In 1923, lead was first added to gasoline to help keep car engines healthy. However, automotive health came at the great expense of our own health and well-being.
A new study calculates that exposure to car exhaust from leaded gas during childhood stole a collective 824 million IQ points from more than 170 million Americans alive today, about half the population of the United States.

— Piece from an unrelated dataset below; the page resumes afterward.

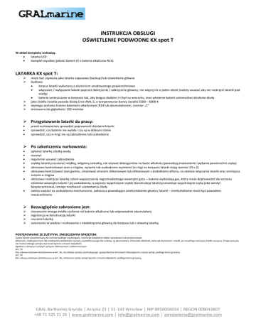 INSTRUKCJA OBSŁUGI OŚWIETLENIE PODWODNE KX spot T W skład kompletu wchodzą: latarka LED komplet wysokiej jakości baterii (3 x bateria alkaliczna R14) LATARKA KX spot T: może być używana jako latarka zapasowa (backup) lub oświetlenie główne budowa: korpus latarki wykonany z aluminium anodowanego powierzchniowo włączanie / wyłączanie latarki poprzez dokręcenie / odkręcenie głowicy, nie więcej niż o jeden obrót (należy uważać aby nie rozkręcić latarki pod wodą) baterie umieszczane w korpusie tak, aby biegun dodatni (+) był na wierzchu, inne włożenie baterii uniemożliwi działanie diody jako źródło światła posiada diodę Cree XML-2, o temperaturze barwy światła 5500 – 6000 K wymaga zasilania trzema bateriami alkalicznymi R14 lub akumulatorami, rozmiar „C” testowana do głębokości 150 metrów Przygotowanie latarki do pracy: przed nurkowaniem sprawdzić poprawność działania latarki sprawdzić, czy baterie nie wylały i czy są w dobrym stanie sprawdzić, czy o-ringi nie są zabrudzone lub uszkodzone Po zakończeniu nurkowania: opłukać latarkę słodką wodą osuszyć regularnie usuwać zabrudzenia szybkę latarki przecierać miękką, wilgotną szmatką, nie używać detergentów na bazie alkoholu (powodują matowienie i pękanie powierzchni szyby) okresowo kontrolować stan o-ringów, wytarte lub uszkodzone wymienić (o-ringi na korpusie latarki mają rozmiar 23 x 2) okresowo kontrolować stan gwintu, smarować smarem silikonowym lub silikonowym z dodatkiem teflonu, co ułatwia włączanie latarki oraz zmniejsza zużycie o-ringów okresowo rozkręcać latarkę celem wypuszczenia nagromadzonego wewnątrz gazu – baterie wydzielają gaz, który może doprowadzić do wzrostu ciśnienia wewnątrz latarki i jej uszkodzenia, a poprzez wypchnięcie szybki (konstrukcja latarki przewiduje wypchnięcie szyby jako wentyl bezpieczeństwa), istnieje możliwość uszkodzenia diody należy uważać na uszkodzenia mechaniczne, zwłaszcza powodujące zniekształcenie głowicy latarki – zniekształcenie może być powodem rozszczelnienia Bezwzględnie zabronione jest: stosowanie innego źródła zasilania niż baterie alkaliczne lub odpowiednie akumulatory ingerencja w konstrukcję latarki rzucanie latarką zanurzanie w wodzie i nurkowanie z niedokręcona głowicą do korpusu lub z otwartą latarką POSTĘPOWANIE ZE ZUŻYTYM, ZNISZCZONYM SPRZĘTEM: Zużyty sprzęt oświetleniowy dla nurków podlega recyklingowi, można go bezpłatnie oddać sprzedawcy lub producentowi. Głównym, niebezpiecznym dla środowiska składnikiem sprzętu oświetleniowego dla nurków, są akumulatory. Pozostałe składniki, takie jak aluminium i miedź, po recyklingu stanowią źródło surowca. Z tego powodu nie można takiego sprzętu wyrzucać łącznie z innymi odpadami. Zgodnie z Ustawą o zużytym sprzęcie elektrycznym i elektronicznym: Art. 73 Kto, wbrew zakazowi określonemu w Art. 35, nie oddaje sprzętu pochodzącego z gospodarstw domowych zbierającemu zużyty sprzęt, podlega karze grzywny. Art. 74 Kto, wbrew zakazowi określonemu w Art. 36, umieszcza zużyty sprzęt łącznie z innymi odpadami, podlega karze grzywny. GRAL Bartłomiej Grynda │ Asnyka 23 │ 51-143 Wrocław │ NIP 8950004034 │ REGON 008043807 +48 71 325 31 26 │ www.gralmarine.com │ [email protected] │ zamó[email protected]

The findings, from Aaron Reuben, a PhD candidate in clinical psychology at Duke University, and colleagues at Florida State University, suggest that Americans born before 1996 may now be at greater risk for lead-related health problems, such as faster aging of the brain. Leaded gas for cars was banned in the U.S. in 1996, but the researchers say that anyone born before the end of that era, and especially those at the peak of its use in the 1960s and 1970s, had concerningly high lead exposures as children.
The team’s paper appeared the week of March 7 in the journal Proceedings of the National Academy of Sciences.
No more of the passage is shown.